Say Today, Pay Tomorrow: Florida Court Refuses to Enjoin Defamation
Bob and Sue were once passionately in love. Until Bob decided he wasnt. Sue did not like being jilted one bit. So, Sue took her revenge through the social media, publishing fabricated stories and tomes about Bob. Sue was so engrossed with her rejection that she took the liberty of writing a tell-all book about Bobs transgressions, taking great pains to avoid any strain of truth.
When Bob found out about the imminent publication of the phony “tell-all” tale, he demanded that Sue “cease and desist” with her defamatory attacks through the social media and her soon-to-be published book. Hell-bent on revenge, Sue refused.
What can Bob do to put an immediate stop to the vicious attacks on his good name and reputation? The recent Fourth District decision of Vrasic v Leibel, 38 Fla. L.Weekly D106A (Fla. 4th DCA January 9, 2013), answered this very question “ very likely nothing. Succinctly, absent special circumstances, Florida courts will not enjoin defamatory speech. A copy of the decision is available here.

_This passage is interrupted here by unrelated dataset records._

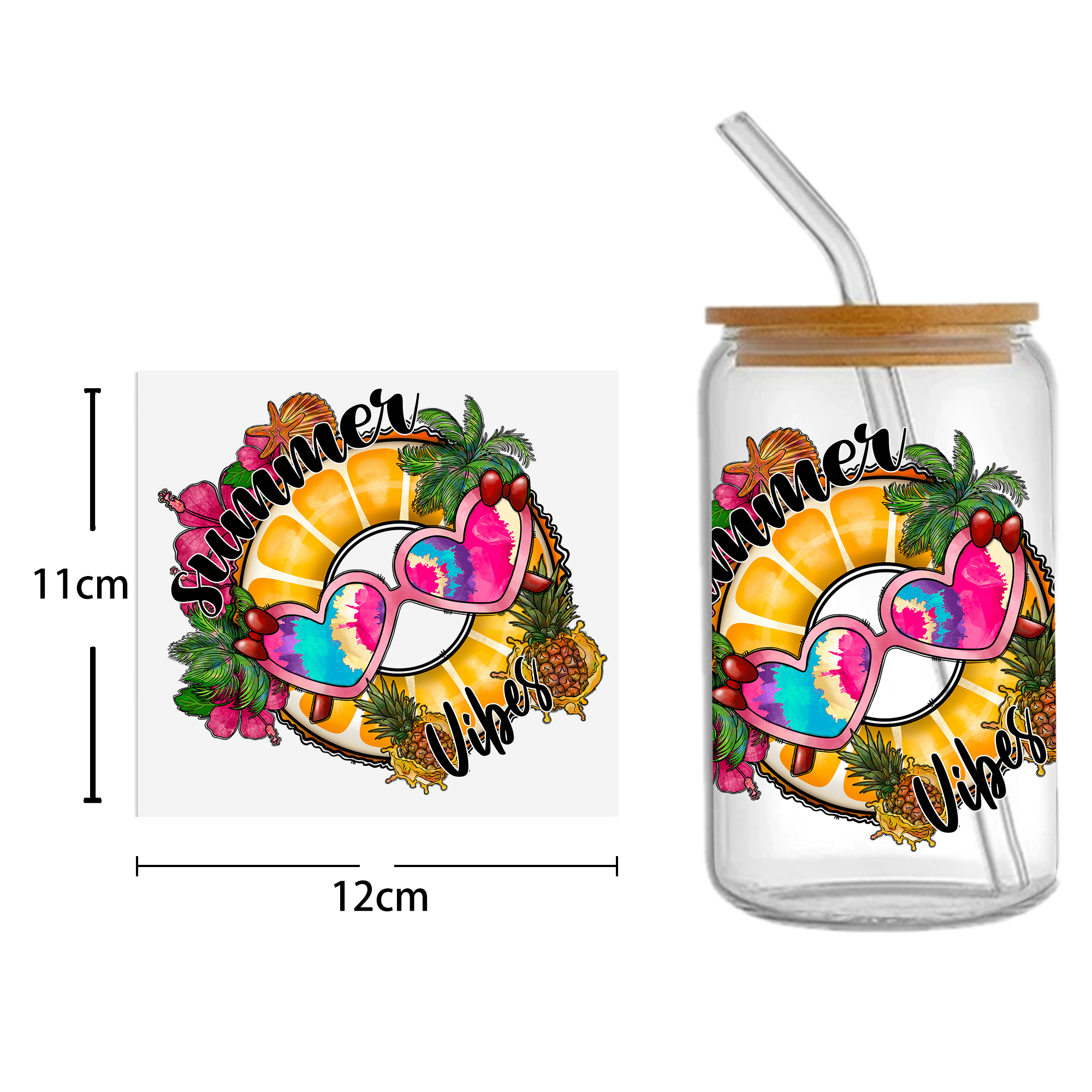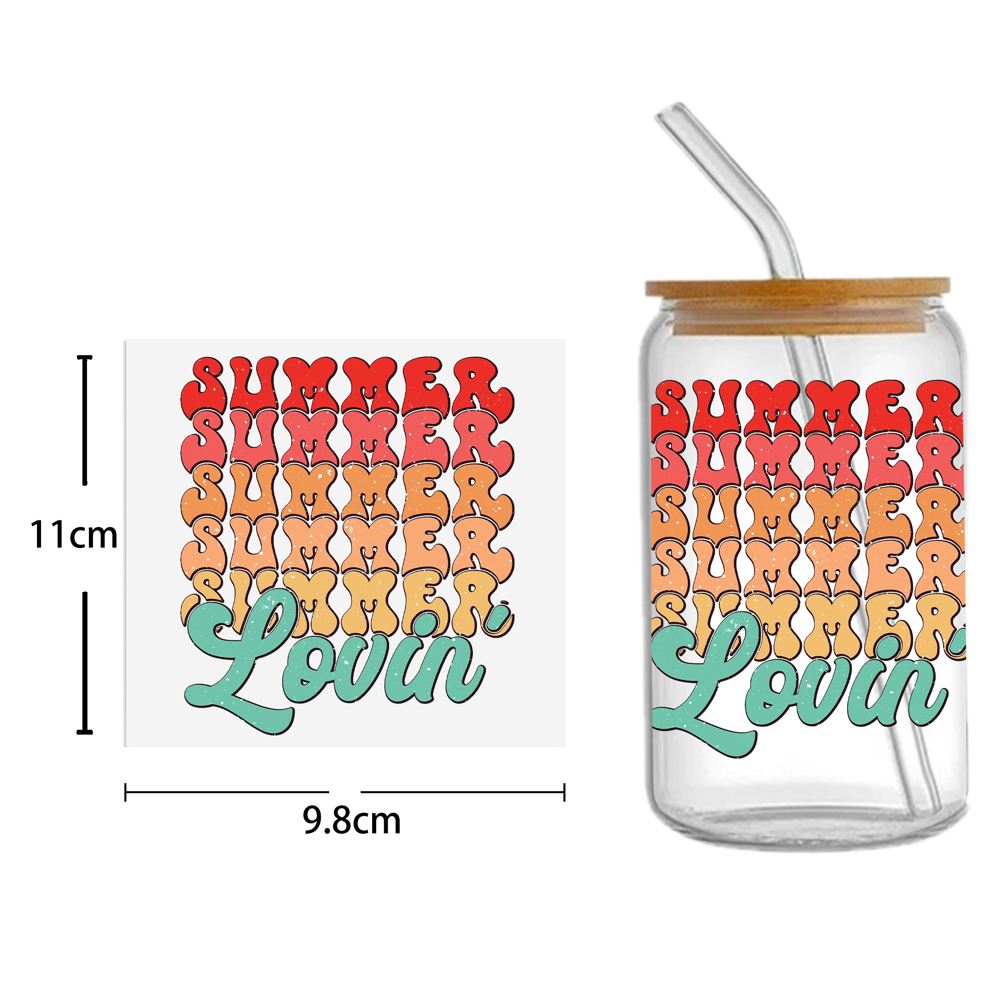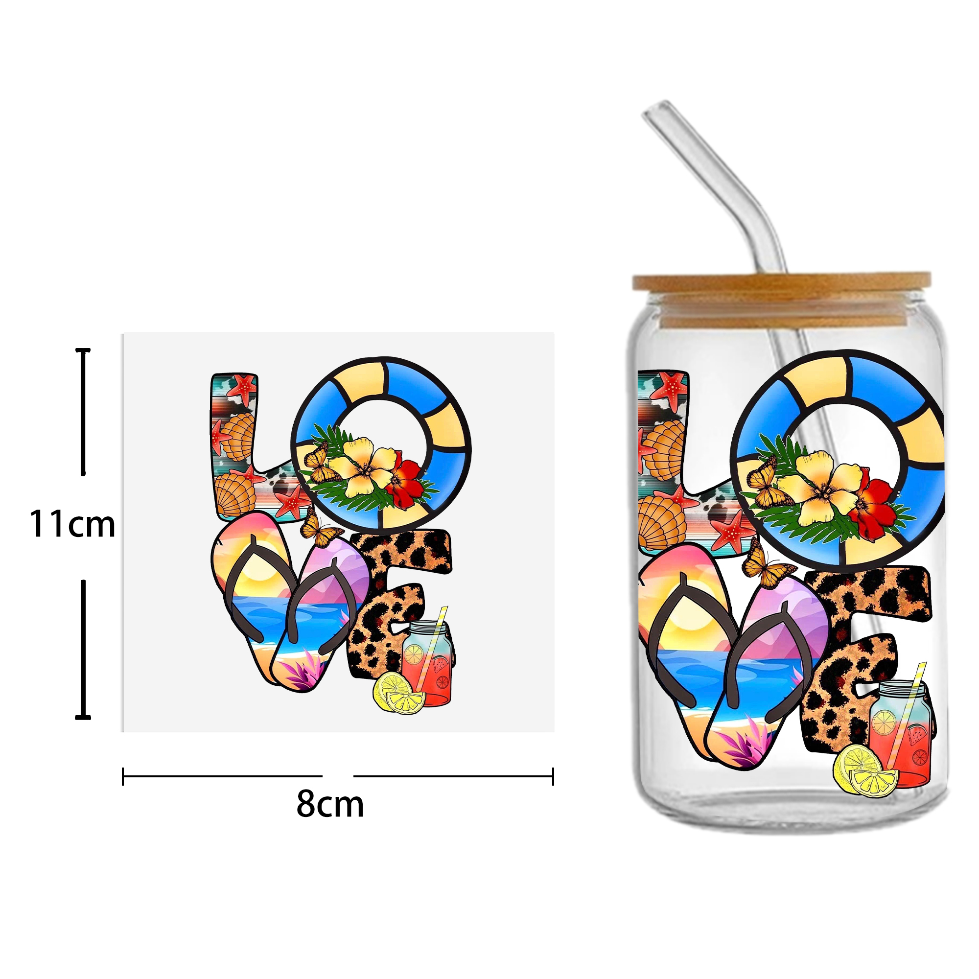This listing includes one (1) UV DTF adhesive cup wrap designed for a 16oz Glass Cup. (Cup not included.)Premium printed UV DTF wrapPermanent and waterproofCup Wrap Transfer Size: 240x110mm or 240x105mmThe print follows the design draft shown in the pictures. Some styles may feature retro, scratch, crayon graffiti, or other effects, which are intentional and not print machine issues. Please carefully review the style image before purchasing.Some patterns are intricate with many lines, which may result in some glue remaining on the edges after applying the pattern. This is normal. If this concerns you, please reconsider before placing an order.The price is for a single piece (as shown in the picture). Refunds will not be accepted for customer errors regarding quantity or price. Please carefully review before purchasing.How to Apply:Use a vinyl felt squeegee or your hands to press over the design.Peel the design off the transfer backing.Position the design on your cup, starting from the center and working outward.Press the design onto the cup/surface with your fingers or a vinyl felt squeegee to help it adhere.Remove the clear film, and voilà!Please note, the adhesive is extremely strong. Once the decal is placed, it cannot be removed. Wait at least 24 hours after application before using or washing the cup.🖤 Each cup/tumbler may vary in size, so you may need to cut or adjust the wrap/decal accordingly. Our wraps are made to a standard size. We are not responsible for wraps/decals that are incorrectly applied or damaged during application.
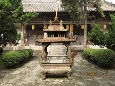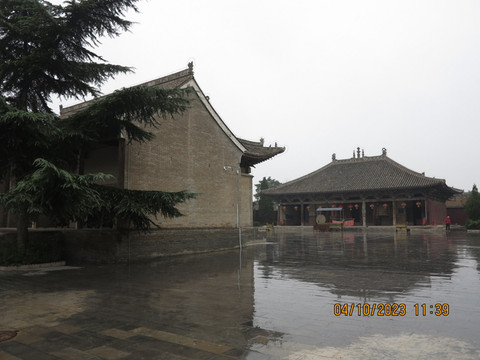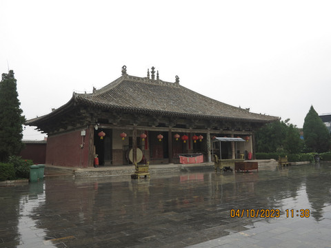 中间就是广仁王庙正殿,因庙内供奉水神,封号“广仁王”,又因庙前原有五龙泉,泉水从庙基前沿涌出,故又称:“五龙庙”。这里是中国现存三座唐代木构之一,但感觉没有南禅寺、佛光寺那么亮眼,感觉唐代元素不是很明显,不管了,学术问题交给专家,我们就是看看热闹。围着正殿,周围的区域设计还是很不错的,有介绍山西木构的,有宣传斗拱的,人也不多,非常舒服。
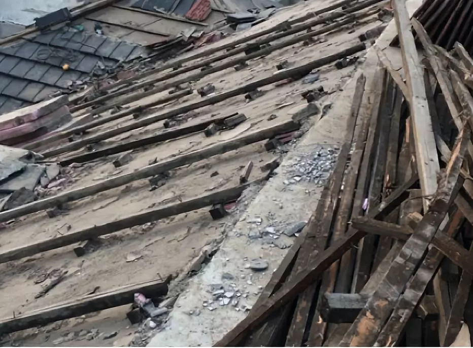 木條未做防腐處理,木條腐蝕斷裂部位瓦片松動,瓦片之間出現(xiàn)縫隙,雨水沿縫隙進(jìn)入下部;
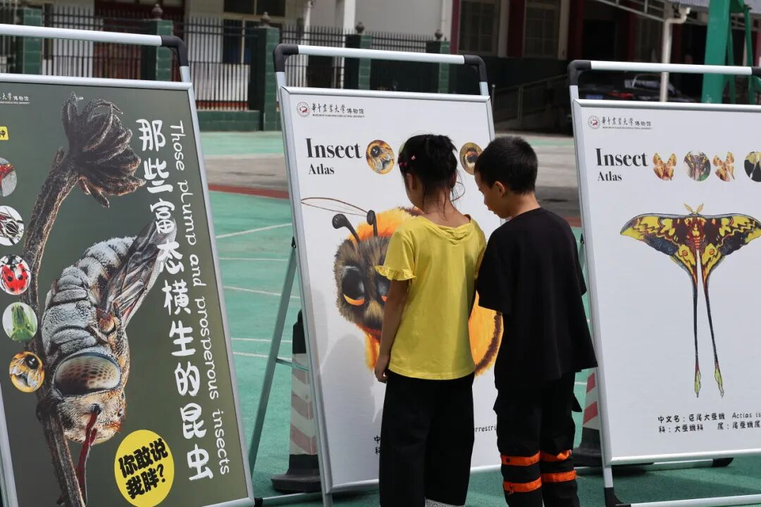 华中农业大学博物馆团队一行7人,不仅带来了精心准备的昆虫标本展览,还通过现场讲解、动手制作蝴蝶标本、开展动植物科普讲座等形式,让摩峰中心小学的孩子们近距离感受到自然的奇妙与科学的魅力。
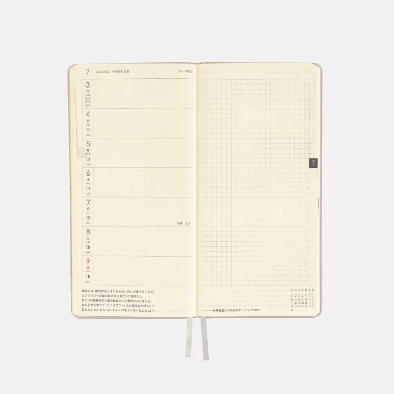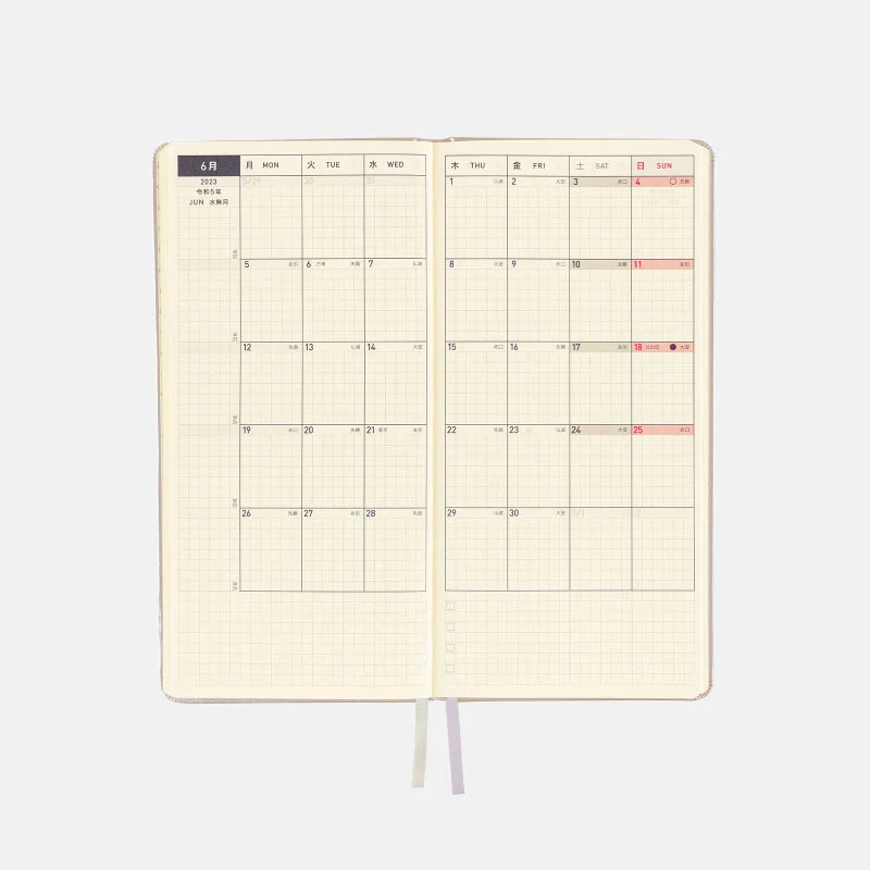 | Paper Type / Binding | Thin, light Tomoe River paper resistant to bleeding and designed for planners / Stitch-binding |
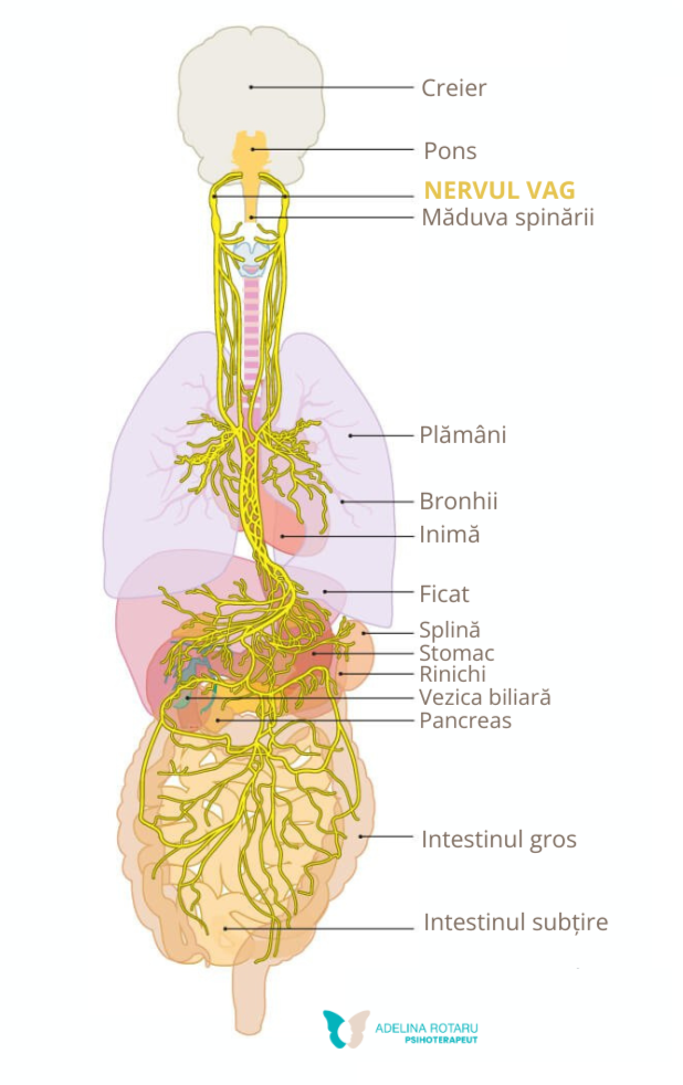 2. vagul dorsal (în zona de jos), întinzându-se din trunchiul cerebral, de la baza craniului, în două direcții: în jos prin plămâni, inimă, diafragmă, sistemul digestiv și în sus pentru a se conecta cu nervii din gât, ochi, și urechi.

To convince a court to enter the extraordinary remedy of injunctive relief, a party most demonstrate: (a) a clear legal right to the relief sought; (b) a likelihood of immediate and irreparable harm because of the unavailability of an adequate remedy at law; (3) a substantial likelihood of success on the merits of its claims; and (4) that the relief sought herein is in the publics interest. The ironically titled Leibel court explained that injunctive relief is not a remedy available under Florida law to proscribe defamatory speech
The Leibel court reasoned a moving party in a defamation case generally cannot ever meet the necessary elements to enable the court to enter the pre-judgment relief. First, the moving party in a defamation case typically has “an adequate remedy at law.” Specifically, the moving party is seeking an award of “damages,” and thus equitable relief is not available.
More importantly, the Leibel court reiterated that “a temporary injunction directed to speech is a classic example of prior restraint on speech triggering First Amendment concerns,” and that “prior restraints on speech and publication are the most serious and the least tolerable infringement on First Amendment rights … and protection against prior restraints on speech extends to both false statements and to those from which a commercial gain is derived.” Thus, public policy will not allow free speech, regardless of veracity, to be restrained.
All is not lost for Bob. First, like virtually every facet of law, exceptions apply. The Leibel court indicated that under special circumstances, an injunction will issue. Specifically, an injunction may be issued when the defamation “is made in the furtherance of the commission of another tort,” and the movant proves “special harm.” For example, in the context of slanderous words made by a business competitor in the course of competition, which ultimately rose to the level of tortious interference with an advantageous business relationship, the defamed victim may prove that the slanderous or libelous words not only injured the partys reputation, it caused a loss of business which was “incalculable.” Thus, in the limited circumstance of commercial defamation coupled with another tort, such as tortious interference, the courts are more inclined to restrain prior speech in order to save a business from imminent losses caused by the defamatory conduct.
Bob, of course, has yet another option. Proceed with his lawsuit to collect on the money damages caused by Sues defamation. While the Courts will let Sue say what she wants today, she will most certainly pay for her defamatory words tomorrow.